Вновьпоступившего больного Михайлова не били. Просто привязали к батарее. Зачем бить, если существует безупречно отлаженная система советского здравоохранения и авангард ее — экспериментальная психиатрия.
Сульфазин — это всего лишь нежная увертюра к глубокой и насыщенной фармакологической симфонии.
М-депо.
Мажептил.
После курса электросудорожной терапии у Вячеслава начались эпилептические припадки.

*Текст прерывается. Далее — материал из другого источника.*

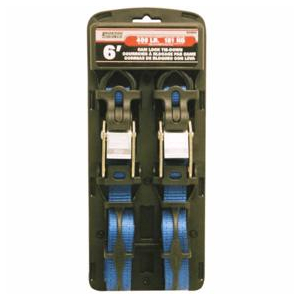 Rachet/Cam Straps - Plated cam buckle - vinyl covered steel S hooks Max load - 1200 lb each Working load limit - 400 lb 1" x 6' blue webbing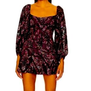 For Love & Lemons “Valerie” mini dress. NWT. Size small. Burgundy & black lace, embroidered dress. Beautiful detailing both front and back. Lined with a burgundy attached slip. Tie in back, puff sleeves. Perfect for day or a night on the town. Comes with matching belt or sash.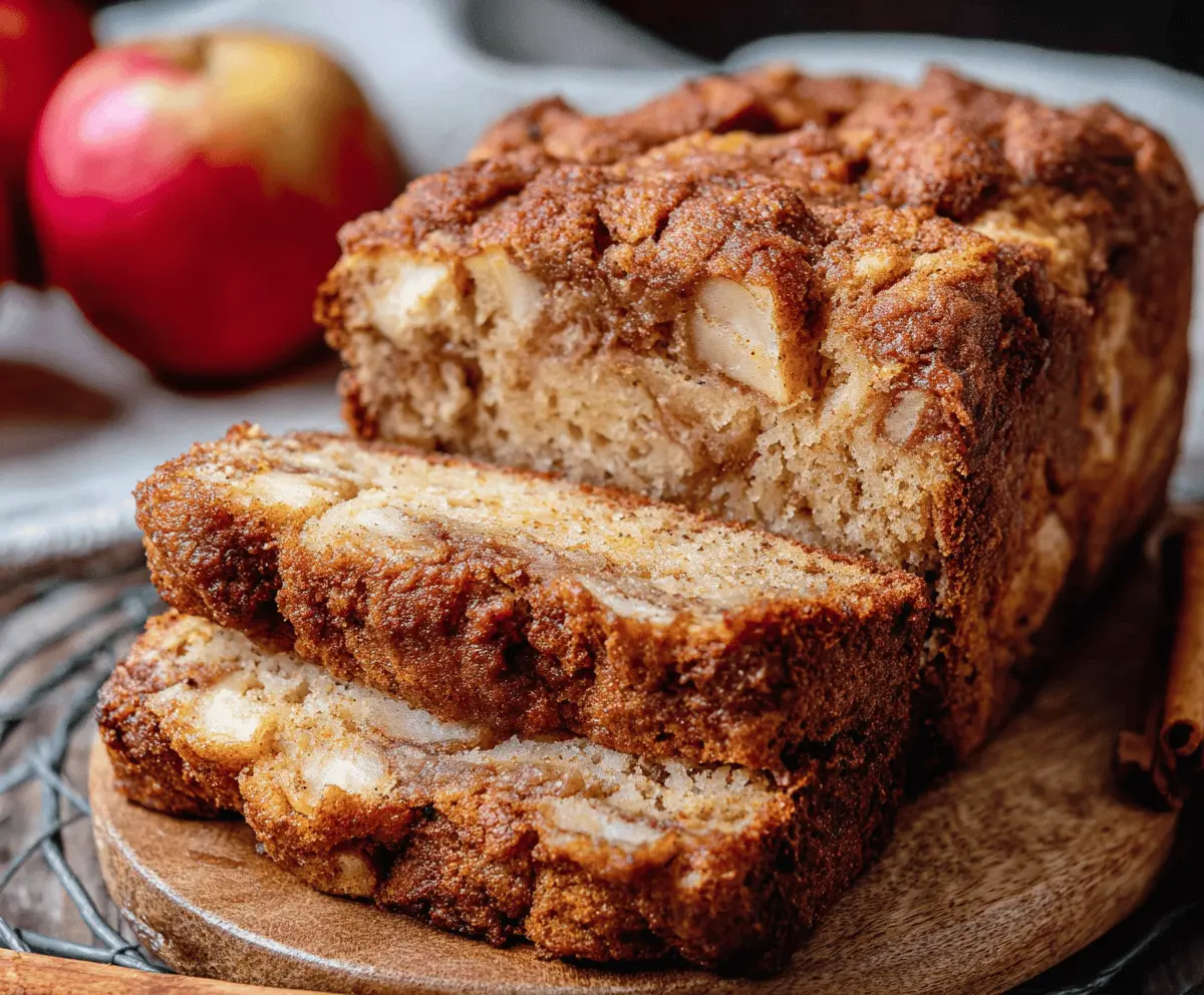 This moist, cinnamon-spiced apple bread with its sweet, crispy crust is perfect for breakfast, snacks, or dessert. Enjoy every slice!

Вместе с эпилепсией явилась поэзия.
Он обнаружил вдруг, что поэзия концентрируется в самых неожиданных объектах: в лиловой надписи на бачке с кислой баландой «5-спец. супа», в кометообразной затяжке на колготках кривоногой фельдшерицы Эммы, в истеричных подвижных пальцах соседа по палате — обезумевшего гитариста Вихляя, зарезавшего выскочившую на сцену поклонницу. Шоу, как-никак.
Вихляй оказался единственным собеседником Вячеслава.
Голос у него был писклявый, отвратительный на слух.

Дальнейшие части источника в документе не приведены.